Let ν be fixed such that N − 1 < ν < N. We now show that (3.33) holds. To see this note that we have the following:

 $$\displaystyle\begin{array}{rcl} & & \nabla _{a}^{\nu }f(a + N + m) =\int _{ a}^{t}H_{ -\nu -1}(t,\rho (\tau ))\nabla \tau {}\\ & =& \frac{1} {\Gamma (-\nu )}\sum _{\tau =a+1}^{t}(t -\rho (\tau ))^{\overline{ -\nu -1}}\bigg\vert _{ t=a+N+m}f(\tau ) {}\\ & =& \frac{1} {\Gamma (-\nu )}\sum _{\tau =a+1}^{a+N+m}(a + N + m -\rho (\tau ))^{\overline{ -\nu -1}}f(\tau ) {}\\ & =& \sum _{\tau =a+1}^{a+N+m}\frac{\Gamma (a + N + m -\tau +1 -\nu -1)} {\Gamma (a + N + m -\tau +1)\Gamma (-\nu )} f(\tau ) {}\\ & =& \sum _{\tau =a+1}^{a+N+m}\frac{(a + N + m -\tau -\nu - 1)\cdots (-\nu )\Gamma (-\nu )} {(a + N + m-\tau )!\Gamma (-\nu )} f(\tau ) {}\\ & =& \sum _{\tau =a+1}^{a+N+m-1}\frac{(a + N + m -\tau -\nu - 1)\cdots (-\nu )} {(a + N + m-\tau )!} f(\tau ) + f(a + N + m). {}\\ \end{array}$$

Letting  $$i:= a + N + m-\tau$$ , we get

 $$\displaystyle\begin{array}{rcl} & & \nabla _{a}^{\nu }f(a + N + m) {}\\ & =& \sum _{i=1}^{N+m}\frac{(i - 1-\nu )\cdots (1-\nu )(-\nu )} {i!} f(a + N + M - i) + f(a + N + M). {}\\ \end{array}$$

This shows that the ν-th order fractional difference is continuous on N − 1 < ν < N, showing (3.33) holds.
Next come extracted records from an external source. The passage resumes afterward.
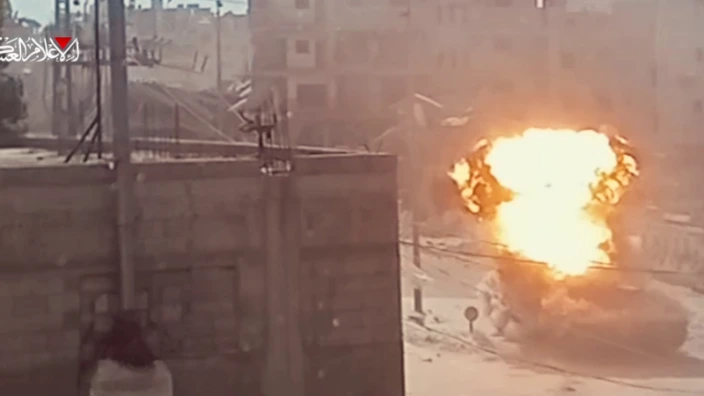 بثت كتائب القسام، مشاهد لاستهداف دبابة ميركافا للاحتلال، خلال توغلها في شارع الصناعة بمنطقة تل الهوا بمدينة غزة.
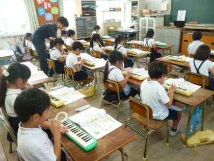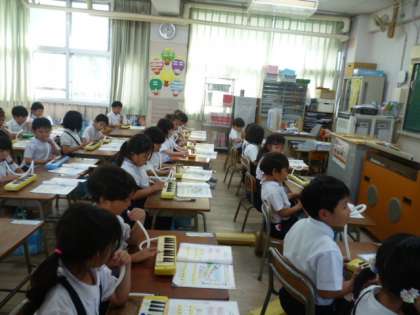 鍵盤ハーモニカがとても上手になっている1年生。ドレミファソまでは親指から子指で弾けますが、さて「ラ」はどう弾く???指を置き換えて演奏するのですが…とても難しい様子でした。
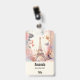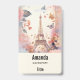Name tag with a stylised Eiffel tower image surrounded by pretty butterflies and delicate garden flowers.

Now we consider the case ν → N in order to show that (3.34) holds:

 $$\displaystyle\begin{array}{rcl} & & \lim _{\nu \rightarrow N^{-}}\nabla _{a}^{\nu }f(a + N + m) {}\\ & & \quad =\lim _{\nu \rightarrow N^{-}}\sum _{i=1}^{N+m}\frac{(i - 1-\nu )\cdots (1-\nu )(-\nu )} {i!} f(a + N + M - i) {}\\ & & \qquad +\, f(a + N + M) {}\\ & & \quad =\sum _{ i=1}^{N+m}\left (\frac{(i - 1 - N)\cdots (-N)} {i!} f(a + N + m - i)\right ) + f(a + N + m) {}\\ & & \quad =\sum _{ i=0}^{N+m}\left ((-1)^{i}\frac{(N + 1 - i)\cdots (N)} {i!} f(a + N + m - i)\right ) {}\\ & & \quad =\sum _{ i=0}^{N+m}(-1)^{i}{N\choose i}f(a + N + m - i) {}\\ & & \quad =\sum _{ i=0}^{N}(-1)^{i}{N\choose i}f(a + m + N - i) {}\\ & & \quad = \nabla ^{N}f(a + N + m). {}\\ \end{array}$$

Finally we want to show (3.35) holds. So we write

 $$\displaystyle\begin{array}{rcl} & & \lim _{\nu \rightarrow (N-1)^{+}}\nabla _{a}^{\nu }f(a + N + m) {}\\ & & \quad =\lim _{\nu \rightarrow (N-1)^{+}}\sum _{i=1}^{N+m}\frac{(i - 1-\nu )\cdots (1-\nu )(-\nu )} {i!} f(a + N + M - i) {}\\ & & \qquad +\, f(a + N + M) {}\\ & & \quad =\sum _{ i=1}^{N+m}\frac{(i - N)(i - N - 1)\cdots (1 - N)} {i!} f(a + N + m - i) {}\\ & & \qquad +\, f(a + N + m) {}\\ & & \quad =\sum _{ i=0}^{N+m}(-1)^{i}\frac{(N - i)(N + 1 - i)\cdots (N - 1)} {i!} f(a + N + m - i) {}\\ & & \quad =\sum _{ i=0}^{N+m}(-1)^{i}{N - 1\choose i}f(a + m + 1 + N - 1 - i) {}\\ & & \quad = \nabla ^{N-1}f(a + N + m). {}\\ \end{array}$$

This completes the proof. □ 

To prove various properties for the nabla fractional sums and differences it is convenient to develop the theory of the nabla Laplace transform, which we do in the next section.